Customer Accounts and Login in Norce Commerce

This guide explains how to implement customer login and account management in a frontend application using Norce Commerce Services. It covers common scenarios, best practices, and technical details for handling customer data, authentication, and password management.

Overview

Norce Commerce provides basic account management and password validation. Each account is linked to a Customer object, which can be used for segmentation, pricing, and offers.

Note:
If you use a third-party authentication provider, you do not need Norce accounts.

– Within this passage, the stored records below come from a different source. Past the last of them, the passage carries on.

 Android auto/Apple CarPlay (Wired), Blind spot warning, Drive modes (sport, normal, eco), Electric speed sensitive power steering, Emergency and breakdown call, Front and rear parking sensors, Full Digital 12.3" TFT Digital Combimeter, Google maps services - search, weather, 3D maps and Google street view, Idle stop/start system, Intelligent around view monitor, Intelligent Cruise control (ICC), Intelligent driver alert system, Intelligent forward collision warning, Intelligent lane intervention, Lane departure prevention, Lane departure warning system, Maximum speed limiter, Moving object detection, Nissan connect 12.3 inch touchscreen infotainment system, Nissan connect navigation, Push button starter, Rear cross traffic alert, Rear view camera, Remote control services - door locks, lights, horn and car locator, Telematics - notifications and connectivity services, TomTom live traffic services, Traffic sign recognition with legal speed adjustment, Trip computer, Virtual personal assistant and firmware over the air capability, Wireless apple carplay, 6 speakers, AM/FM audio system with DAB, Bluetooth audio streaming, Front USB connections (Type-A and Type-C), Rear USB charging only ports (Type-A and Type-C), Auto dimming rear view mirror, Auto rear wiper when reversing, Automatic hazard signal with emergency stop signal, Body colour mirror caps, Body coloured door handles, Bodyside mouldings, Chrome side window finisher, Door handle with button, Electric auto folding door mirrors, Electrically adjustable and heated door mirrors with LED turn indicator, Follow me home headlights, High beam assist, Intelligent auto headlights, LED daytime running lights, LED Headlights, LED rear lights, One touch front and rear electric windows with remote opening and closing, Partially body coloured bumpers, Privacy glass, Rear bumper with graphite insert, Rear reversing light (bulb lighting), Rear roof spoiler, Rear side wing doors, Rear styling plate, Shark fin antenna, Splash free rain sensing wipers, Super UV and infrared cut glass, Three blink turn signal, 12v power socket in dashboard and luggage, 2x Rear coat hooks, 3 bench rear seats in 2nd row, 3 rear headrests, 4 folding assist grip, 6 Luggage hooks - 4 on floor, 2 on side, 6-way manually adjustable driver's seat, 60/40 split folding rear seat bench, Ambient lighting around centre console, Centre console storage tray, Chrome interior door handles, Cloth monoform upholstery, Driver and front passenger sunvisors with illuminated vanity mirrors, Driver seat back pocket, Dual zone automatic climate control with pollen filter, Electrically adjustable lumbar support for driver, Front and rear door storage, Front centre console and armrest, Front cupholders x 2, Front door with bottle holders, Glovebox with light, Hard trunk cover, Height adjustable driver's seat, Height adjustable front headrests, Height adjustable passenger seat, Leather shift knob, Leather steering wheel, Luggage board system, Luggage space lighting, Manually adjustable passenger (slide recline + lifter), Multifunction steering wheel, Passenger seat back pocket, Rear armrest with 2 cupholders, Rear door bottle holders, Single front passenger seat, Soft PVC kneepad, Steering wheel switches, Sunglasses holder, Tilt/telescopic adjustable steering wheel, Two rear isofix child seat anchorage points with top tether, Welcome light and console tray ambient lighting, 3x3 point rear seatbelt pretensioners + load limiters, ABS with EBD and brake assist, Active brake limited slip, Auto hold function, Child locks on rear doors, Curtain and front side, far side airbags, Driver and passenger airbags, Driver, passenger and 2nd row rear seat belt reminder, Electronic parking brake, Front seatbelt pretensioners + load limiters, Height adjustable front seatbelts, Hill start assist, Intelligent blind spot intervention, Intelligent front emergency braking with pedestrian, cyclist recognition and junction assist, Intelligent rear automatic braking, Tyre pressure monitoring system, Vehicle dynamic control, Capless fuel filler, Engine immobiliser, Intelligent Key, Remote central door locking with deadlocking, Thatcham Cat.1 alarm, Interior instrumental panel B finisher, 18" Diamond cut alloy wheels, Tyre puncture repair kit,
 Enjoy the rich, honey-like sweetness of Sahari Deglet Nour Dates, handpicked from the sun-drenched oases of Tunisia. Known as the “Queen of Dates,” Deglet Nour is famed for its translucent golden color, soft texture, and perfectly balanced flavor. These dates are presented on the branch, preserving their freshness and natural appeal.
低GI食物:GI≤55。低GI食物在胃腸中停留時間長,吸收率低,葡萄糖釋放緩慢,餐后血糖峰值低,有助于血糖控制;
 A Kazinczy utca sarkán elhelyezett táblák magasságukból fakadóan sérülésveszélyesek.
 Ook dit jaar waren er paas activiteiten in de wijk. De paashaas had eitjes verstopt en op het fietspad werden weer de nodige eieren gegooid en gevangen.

Instead, match the authenticated identity to a Norce customer using the email address or CustomerCode.

This document focuses on scenarios where Norce Commerce manages the account information.


Customer Object Example

Below are example representations of a customer in JSON and XML formats. These examples include both individual and company-related fields.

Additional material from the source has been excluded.